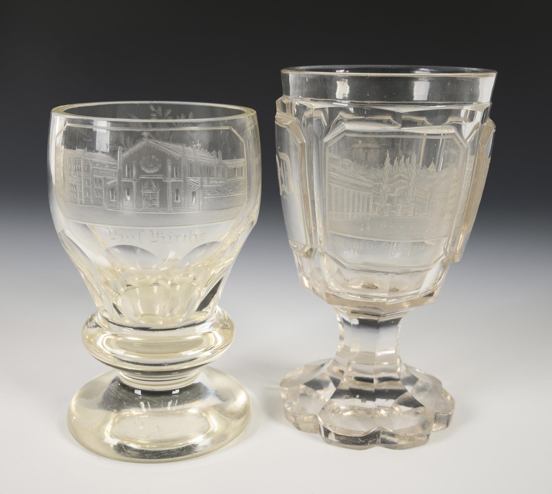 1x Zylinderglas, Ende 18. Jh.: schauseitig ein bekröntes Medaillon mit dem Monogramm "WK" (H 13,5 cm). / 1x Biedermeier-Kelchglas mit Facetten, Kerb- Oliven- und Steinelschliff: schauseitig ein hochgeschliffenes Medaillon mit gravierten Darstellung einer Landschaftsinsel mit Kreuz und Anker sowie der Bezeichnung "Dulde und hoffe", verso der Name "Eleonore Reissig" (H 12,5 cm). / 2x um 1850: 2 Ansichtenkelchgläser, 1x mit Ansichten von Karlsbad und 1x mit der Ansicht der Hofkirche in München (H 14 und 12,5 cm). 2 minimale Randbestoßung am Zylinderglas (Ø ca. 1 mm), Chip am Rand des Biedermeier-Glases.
* * *
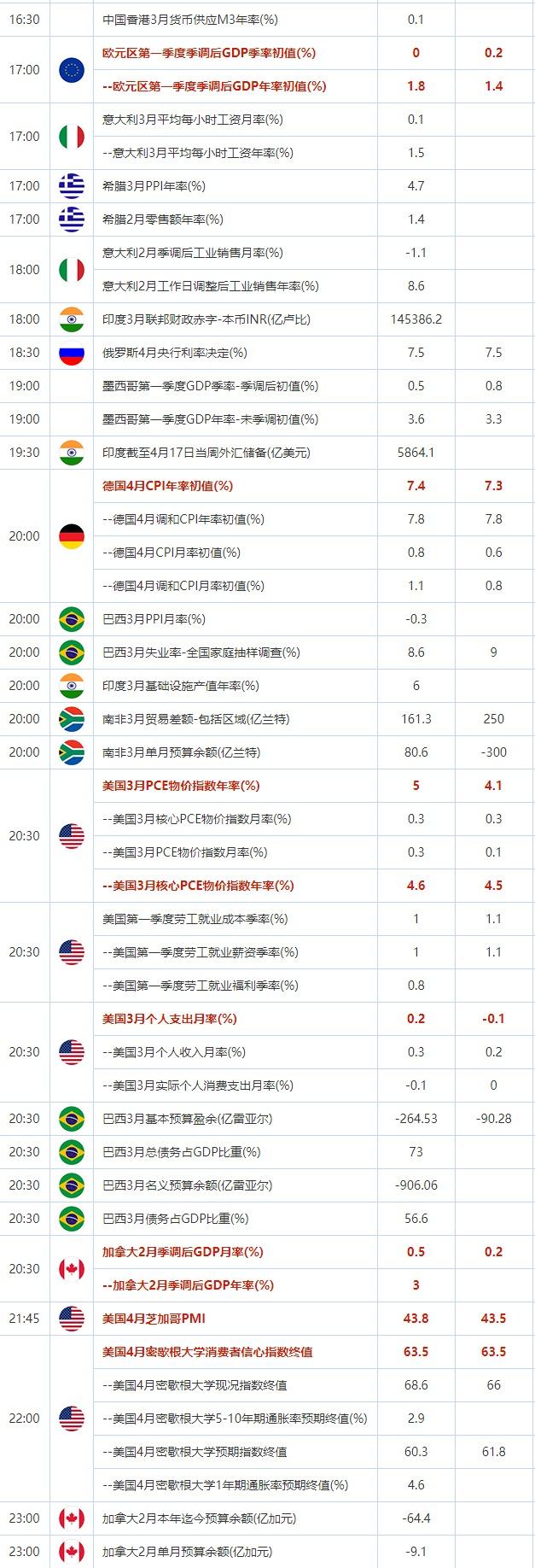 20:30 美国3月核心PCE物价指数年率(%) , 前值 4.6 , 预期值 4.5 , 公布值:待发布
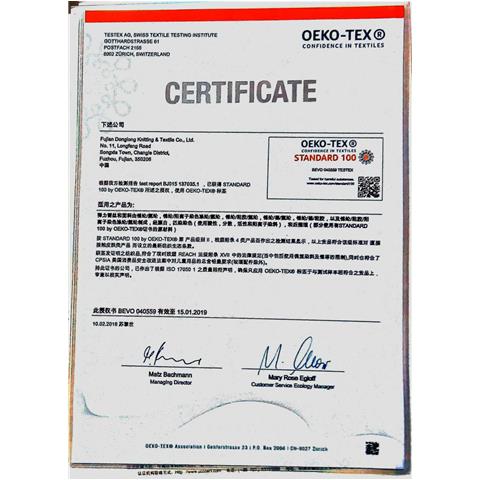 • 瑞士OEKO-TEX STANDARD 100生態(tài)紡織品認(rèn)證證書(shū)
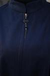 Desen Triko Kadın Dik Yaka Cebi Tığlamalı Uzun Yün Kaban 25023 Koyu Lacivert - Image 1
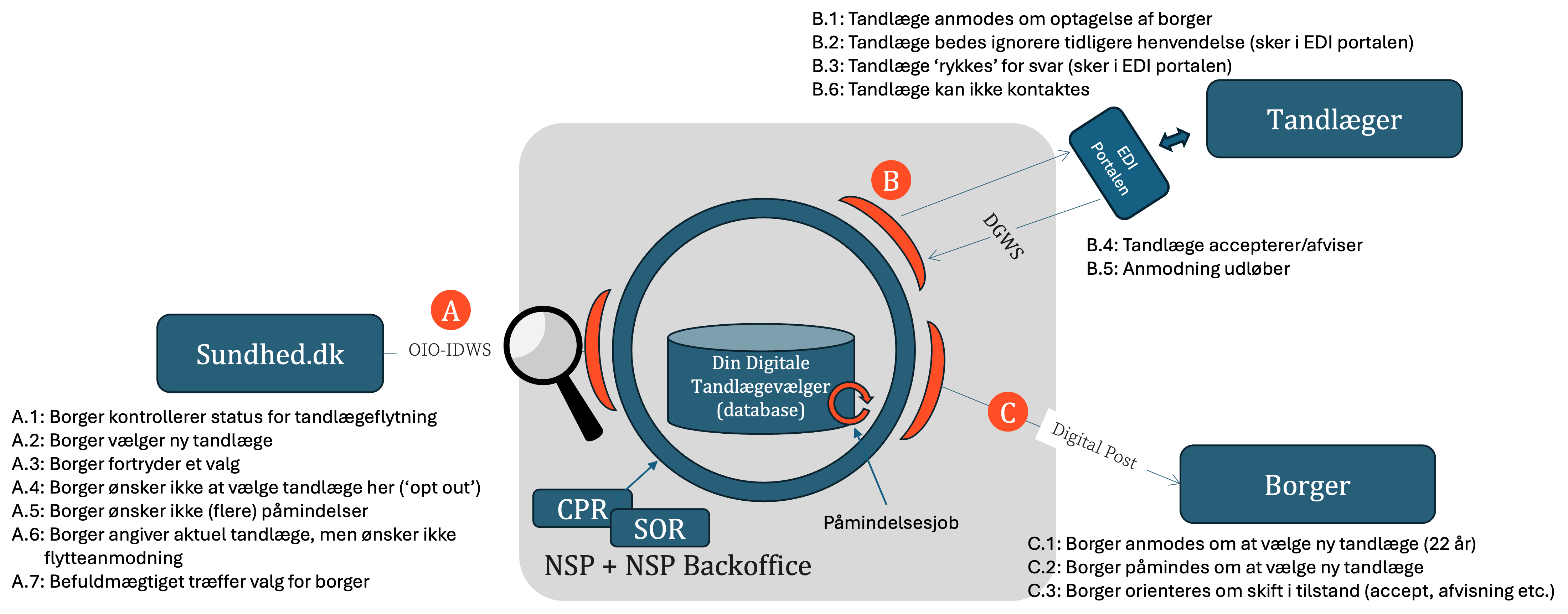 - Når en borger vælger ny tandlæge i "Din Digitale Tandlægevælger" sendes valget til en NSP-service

Work request
From the records above, copy only the lines running from the line holding "20:30 美国3月核心PCE物价指数年率(%) , 前值" through the line holding "Desen Triko Kadın", with no pictures.

Expected answer
 20:30 美国3月核心PCE物价指数年率(%) , 前值 4.6 , 预期值 4.5 , 公布值:待发布
 • 瑞士OEKO-TEX STANDARD 100生態(tài)紡織品認(rèn)證證書(shū)
 Desen Triko Kadın Dik Yaka Cebi Tığlamalı Uzun Yün Kaban 25023 Koyu Lacivert - Image 1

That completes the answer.